(This is the second part of a multi-part post prepared by Austin Weber putting the spotlight on recent releases, and today he focuses on music from these three bands: VIII, Shioya, and Cyprus. To check out Part 1, go here.)
VIII – DECATHEXIS
For all the things in modern society we blame on social media, the flip side is how much good comes from using it as a tool to spread and share new music and other art forms. Without it, I would never have heard of VIII, a strangely named Italian black metal group whose new album Decathexis continues to blow my fucking mind.

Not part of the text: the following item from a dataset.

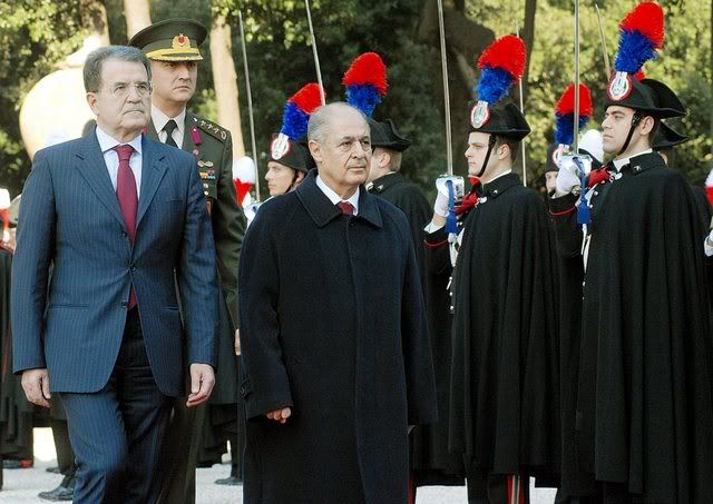 epa00899431 Italy Premier Romano Prodi (escorts) Turkey President Ahmer Necdet Sezer past a guard of honour during welcoming ceremonies at Villa Pamphili in Rome Wednesday 10 January 2007 ahead of a round of talks EPA/MAURIZIO BRAMBATTI

The record clocks in at about 50 minutes, but the kicker is that it’s divided into only three lengthy tracks. Normally something like this would bore me, as compositions this long in black metal often seem to meander, in my opinion.
But, that’s not the case on Decathexis. Each song unfolds into a multitude of different segments that flow gracefully from point to point without losing a sense of urgency or purpose. Their label posits the release as gaining strength from its death, doom, jazz, and industrial influences. I’d also add a slight rock-and-roll influence to that mix as well, especially in a few of the solos and the opening riffs present on the third song.
All of those genre references are accurate, especially the prominence of the jazz element as an absolutely ripping sax solo rears its head partway into “I. Symptom” before the blackness again takes over, which segues into an eerie piano-led doomy swirl of soundscape-type madness until the song re-gathers its strength in the following minutes to come.
The following two tracks, “II. Diagnosis” and “III. Prognosis”, follow a similar deconstructionist approach to black metal that’s seemingly driven only by a desire to disgust, with the only warmth found in the continued use of saxophone solos along with some sparse (yet eerie) piano playing.
Fans of Deathspell Omega, Devouring Star, Svart Crown, and especially this year’s Schammasch triple album would be wise to check out Decathexis. I’m not quite sure why this release hasn’t been praised more, so click play below and feel it out for yourself.
SHIOYA – THE HALLWAY
When fellow NCS scribe DGR mentioned last year that deathcore and tech-death continue to frequently merge together into one united body, he was spot-on. Much as I’m not a big fan of deathcore, I can respect any group who makes music I dig, labels be damned. This line of thinking applies to Idaho natives Shioya and their new full-length, The Hallway.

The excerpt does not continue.